AIM OF THE TASK: The listing is to be printed word for word, pictures omitted.

***** GIVEN DATA

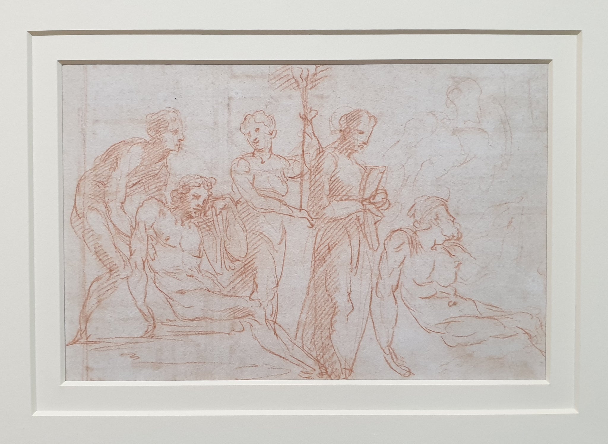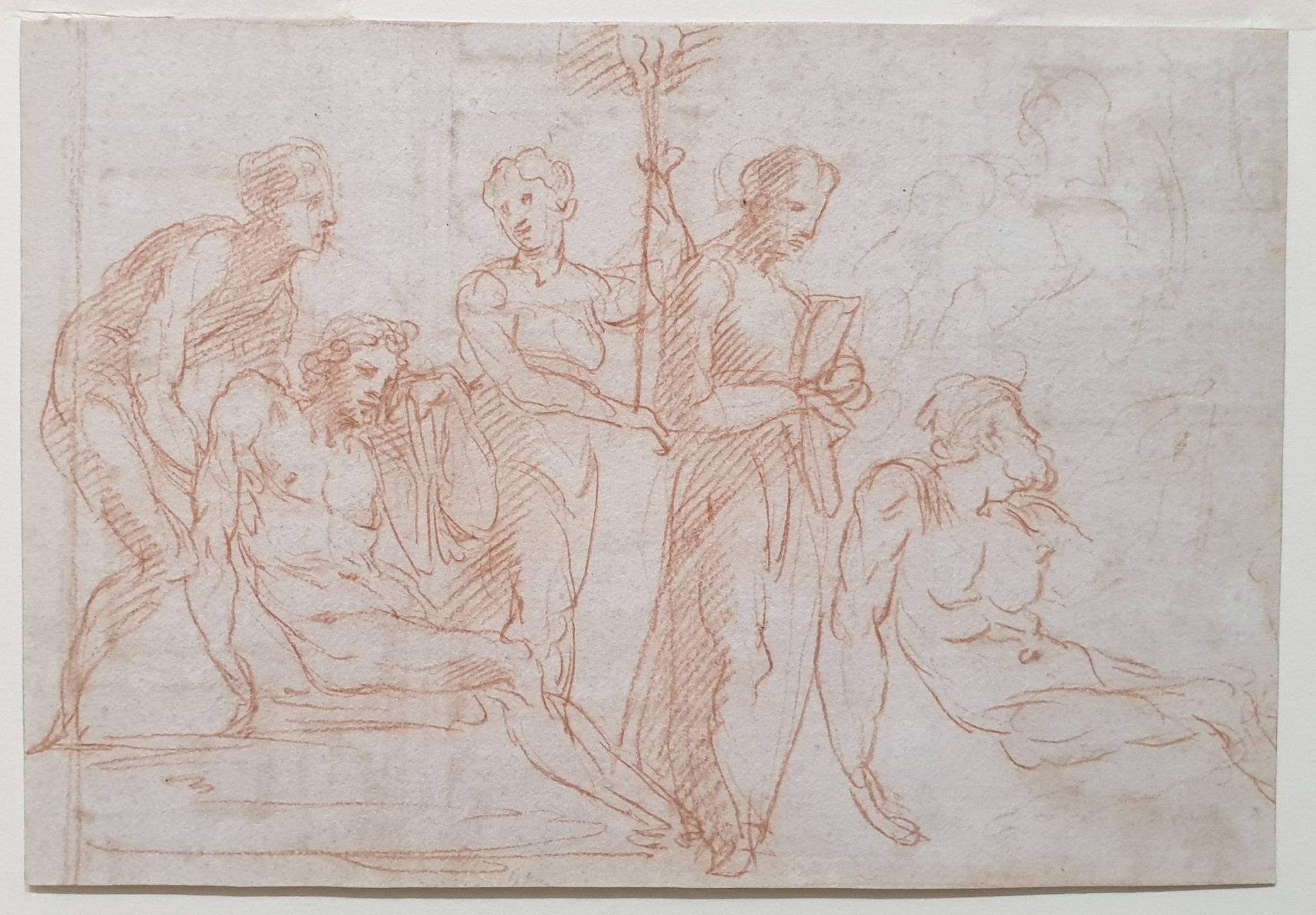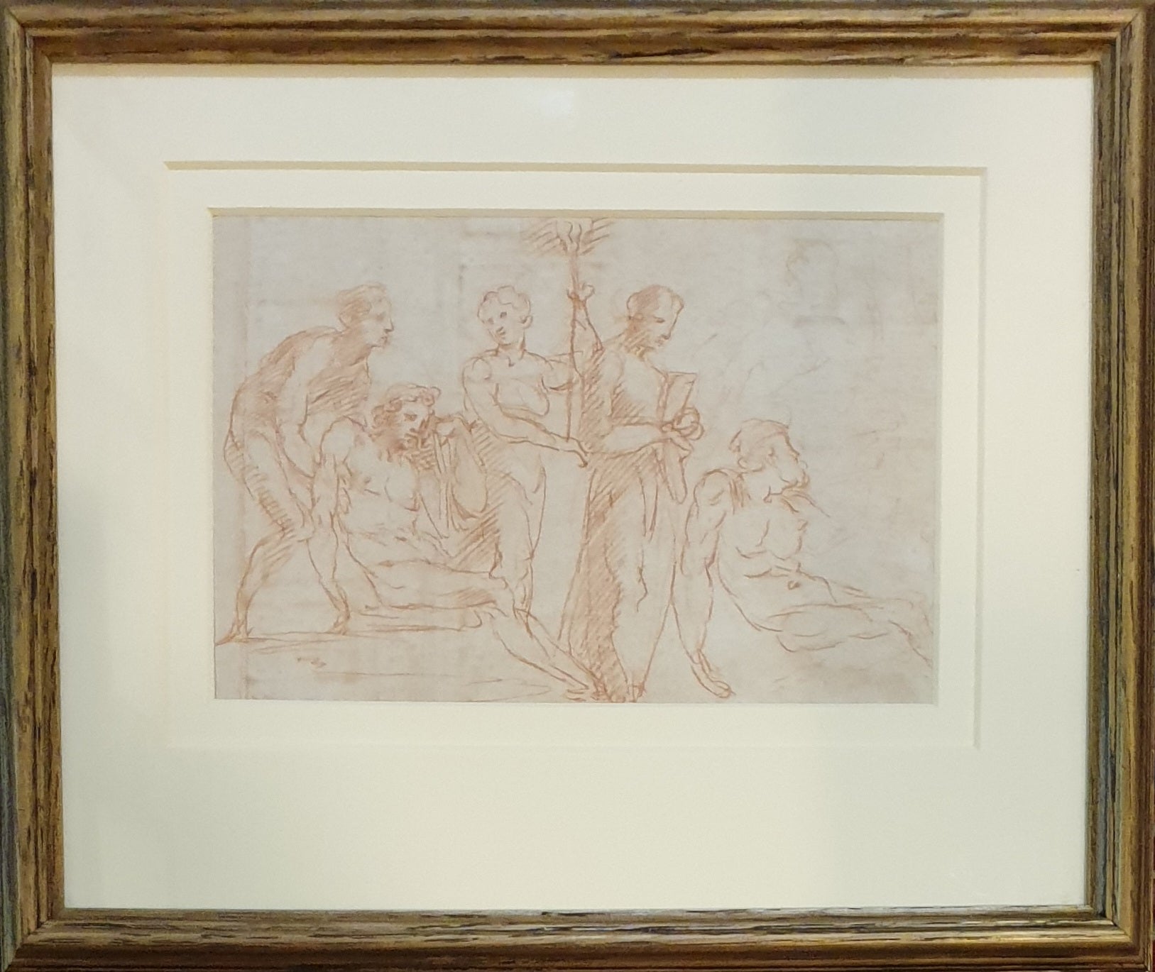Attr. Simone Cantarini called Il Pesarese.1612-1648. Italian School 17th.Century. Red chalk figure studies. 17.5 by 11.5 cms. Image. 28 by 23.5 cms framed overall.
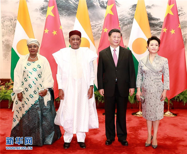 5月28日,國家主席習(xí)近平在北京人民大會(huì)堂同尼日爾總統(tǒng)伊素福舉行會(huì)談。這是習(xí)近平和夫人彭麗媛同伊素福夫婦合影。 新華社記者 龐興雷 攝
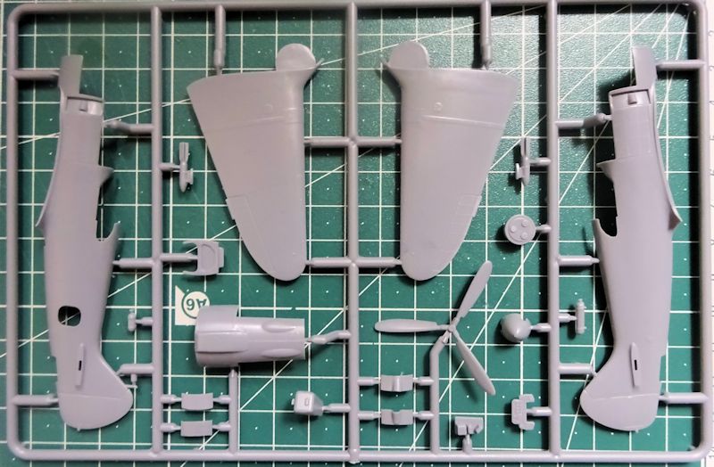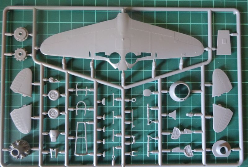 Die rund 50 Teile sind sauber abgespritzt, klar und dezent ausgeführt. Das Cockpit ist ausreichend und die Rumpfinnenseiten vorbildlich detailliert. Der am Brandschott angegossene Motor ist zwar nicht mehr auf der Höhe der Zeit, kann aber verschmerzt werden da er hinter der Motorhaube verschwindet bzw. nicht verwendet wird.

**********

REPLY TO THE TASK:
Attr. Simone Cantarini called Il Pesarese.1612-1648. Italian School 17th.Century. Red chalk figure studies. 17.5 by 11.5 cms. Image. 28 by 23.5 cms framed overall.
 5月28日,國家主席習(xí)近平在北京人民大會(huì)堂同尼日爾總統(tǒng)伊素福舉行會(huì)談。這是習(xí)近平和夫人彭麗媛同伊素福夫婦合影。 新華社記者 龐興雷 攝
 Die rund 50 Teile sind sauber abgespritzt, klar und dezent ausgeführt. Das Cockpit ist ausreichend und die Rumpfinnenseiten vorbildlich detailliert. Der am Brandschott angegossene Motor ist zwar nicht mehr auf der Höhe der Zeit, kann aber verschmerzt werden da er hinter der Motorhaube verschwindet bzw. nicht verwendet wird.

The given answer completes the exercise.